Obviously if there's lack of integrity in the way he does business, that's a bigger deal. If he's manipulated art galleries, for example, into investing in his work knowing that he was putting them at risk, then he deserves the lawsuit.
I personaly have neverr liked this work. They all seem almost the same to me and i get tired just looking at cottages in so many. I do wish him the best it is sad that here he is bankrupt and picked up for DUI.
I have always suspected his claims of being such a devout Christian to be more marketing than substance, much like his paintings. I don't know too many real Christians who go around fleecing their business partners, groping women's breasts or admitting to a penchant for public urination (charges he has admitted to.) That stuff is as creepy as his so-called art.
All that aside, suppose that sentimentality is always wrong. Nevertheless, just because "Kinkade’s cottage fantasies offer this sort of emotional manipulation" sounds no more problematic for his paintings than alcohol itself is morally problematic just because it "offers" itself as a means of escape to a drunk; just because "the viewer can shut himself off from true emotions earned through a real encounter with reality," it hardly means he must when he looks at such paintings; and just because "The Cottage by the Sea offers a place where the viewer can enter the perfect world of Kinkade’s creation—and escape the messy world of Kinkade’s Creator," doesn't mean he must. It's likewise just as possible that The Cottage by the Sea offers the very opposite of what Mr Carter suggests. It could well be a place where the viewer enters into the messy world of Kinkade's Creator. This is what I have always taken it to be at any rate, and this suggests that something might be wrong with the analysis in this article.
Could it be that there is another explanation for Kitsch art? I think it might have to do with making the point of a picture too easily available by directing the viewer to an emotion, a thought, a conclusion much too directly, without offering the viewer the opportunity to contribute/collude in the effort. Gombrich pointed out that we tend to prefer images seen through mottled glass where we have to 'work' to complete them, so permitting the viewer to contribute to the total sense of the painting. We don't like poetic/aesthetic meaning delivered on a platter. Maybe we like to flatter ourselves by seeing a reflection of our own intellect in the painting. Now wouldn't that be a curious thing?
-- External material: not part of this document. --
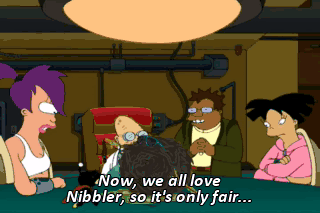 Now, we all love Nibbler, so it's only fair... that we all pitch in and clean it up together. Still, I propose we make Zoidberg do it. All in favor? All opposed?
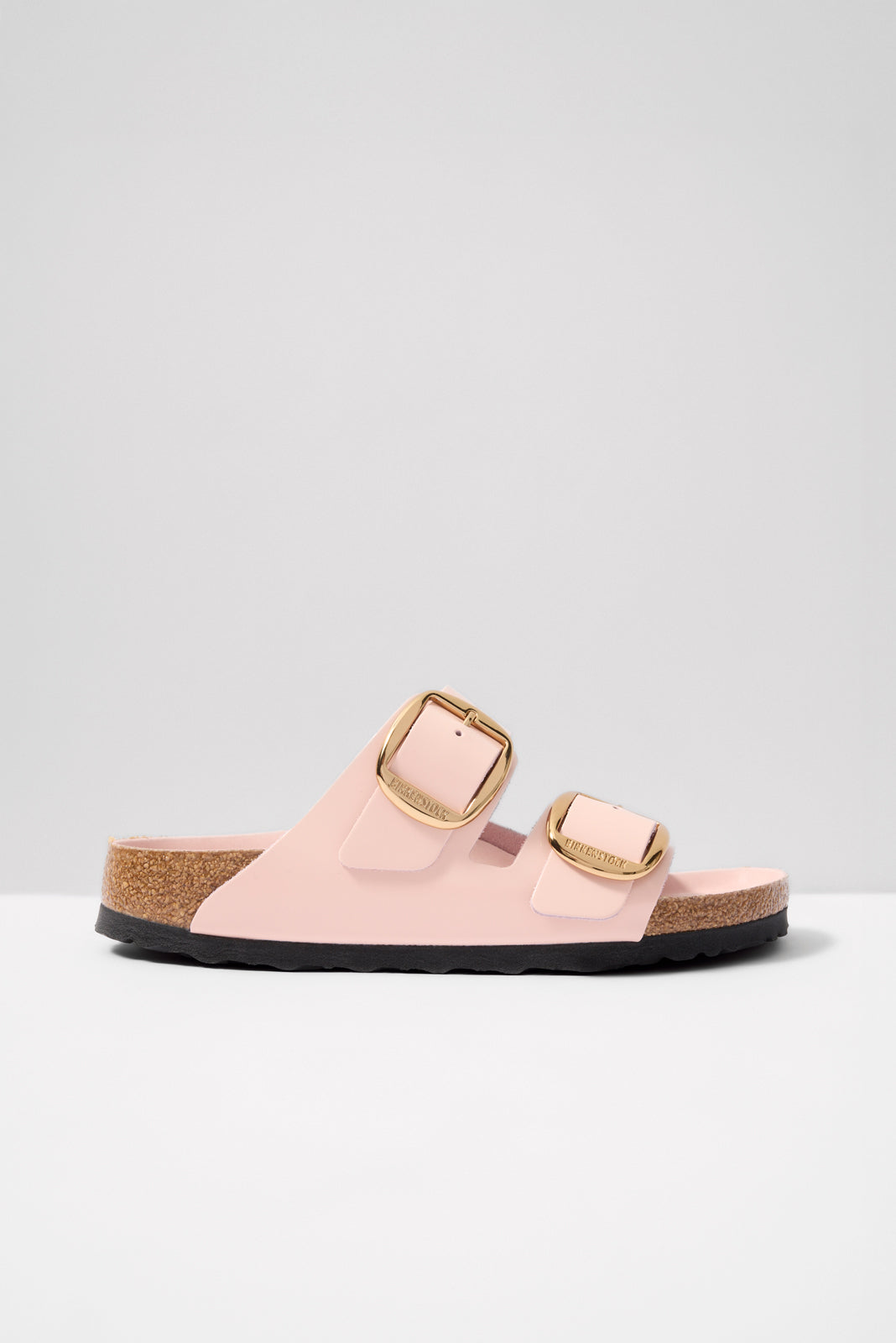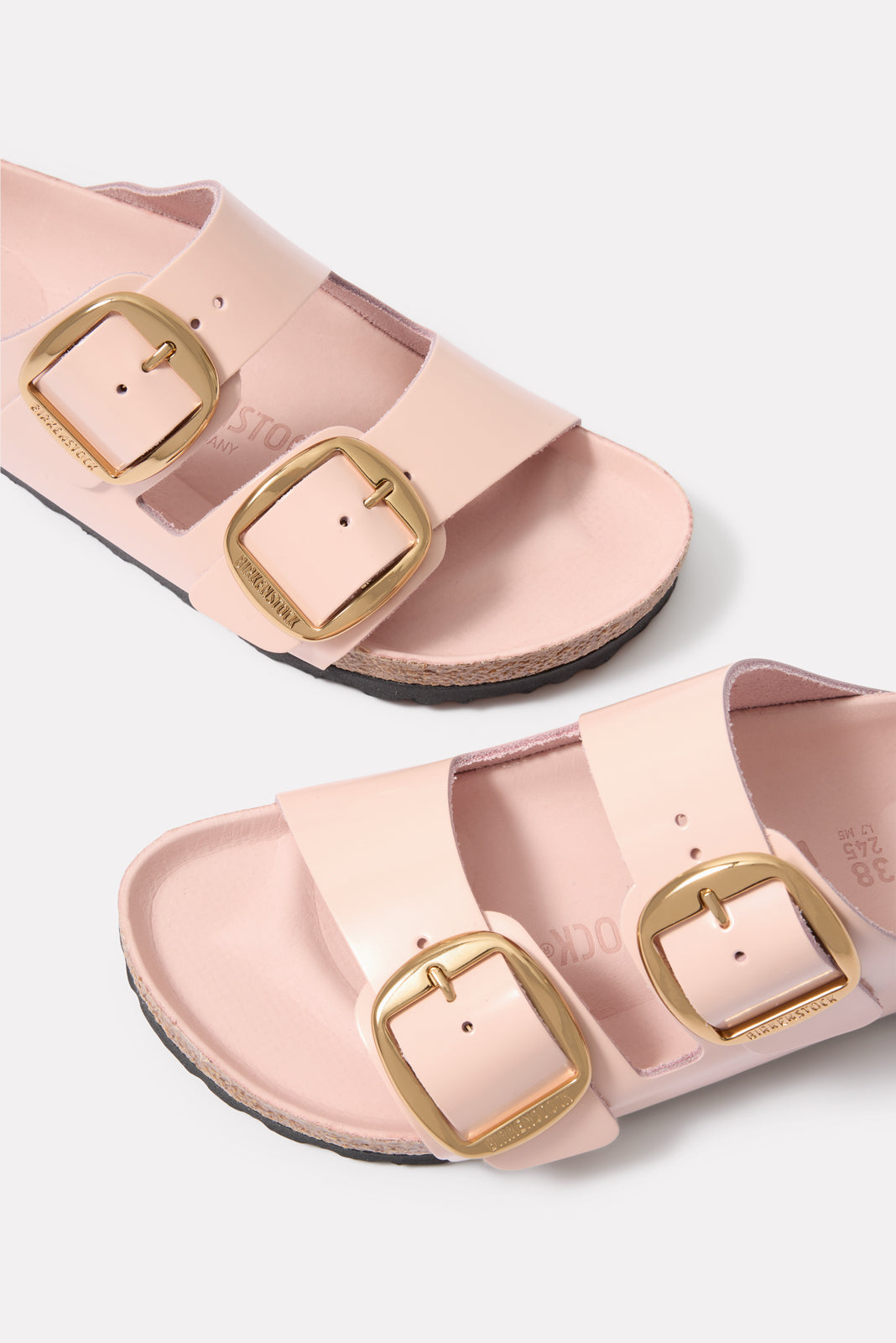 Bold gold-tone buckles update these iconic Arizona sandals by Birkenstock. featuring pink leather straps in a shiny patent finish.

Anyway may his family be comforted at this time. I did not know the guy, I understand he had personality flaws. But we are saved by grace, not our self righteousness nor (thankfully) by our aesthetic sensibilities.
Warmest regards, Philip.
I agree with the article. I am happy to see examples of T.K.'s earlier works. I see T.K.'s "light" paintings much as a photograph taken with a long exposure that would also produce that warm glow from every light source ~ producing a warmer, more welcoming, photo...even of city-scapes.